TSMC, after receiving the order last year, has already put in the wafers for the chips that will be delivered to customers during the second quarter, they said.
Qualcomm made the decision to rely on TSMC more than Samsung as the latter is facing yield problems for its advanced process nodes, the sources said.
Samsung Foundry, the Korean tech giant’s contract chip-making business unit, is seeing a yield rate of around 35% for the Snapdragon 8 Gen 1, while the yield rate for Exynos 2200 is even lower than this, they added.

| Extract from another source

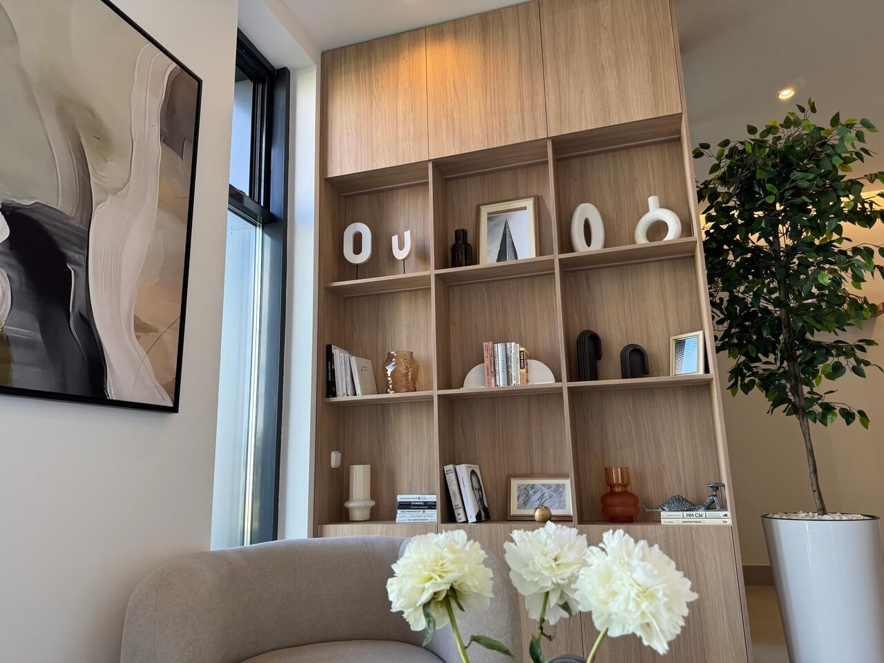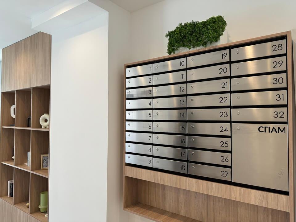 Особым уютом дом наполняют приятные мелочи: стильные почтовые ящики, декор и даже ароматизатор. В едином стиле выполнены лестничные пролеты, установлены одинаковые входные двери с отделкой HPL-панелями. В лобби находится небольшая библиотека, помещение для хранения колясок и душ для четверолапых питомцев – лапомойка.

The higher yield on Snapdragon compared to Exynos was due to Qualcomm sending an executive and engineers to Samsung Foundry’s production site, which helped with solving some of the problems, one of the sources said.
But Qualcomm decided to add TSMC as a foundry for the chip as well as it believed it couldn’t sit back when the yield is so low amid the global chip shortage, they said.
Qualcomm told as such to Samsung mobile president TM Roh when he visited the US last year.
Samsung is auditing Samsung Foundry due to the failure of the business unit to meet the volume required by its mobile business unit as well as key customer Qualcomm, they added.
The decision by the US chip giant is a critical hit for the Korean tech giant as it has already lost the foundry order for Nvidia’s 7nm graphic card to TSMC last year.
If Qualcomm and Nvidia decide to wholly rely on TSMC going forward, Samsung would be losing two of the biggest fabless customers that foundry companies rely on for revenue.
However, Qualcomm has decided to continue to give the order for its 7nm RF chip to Samsung, with the promise to order more.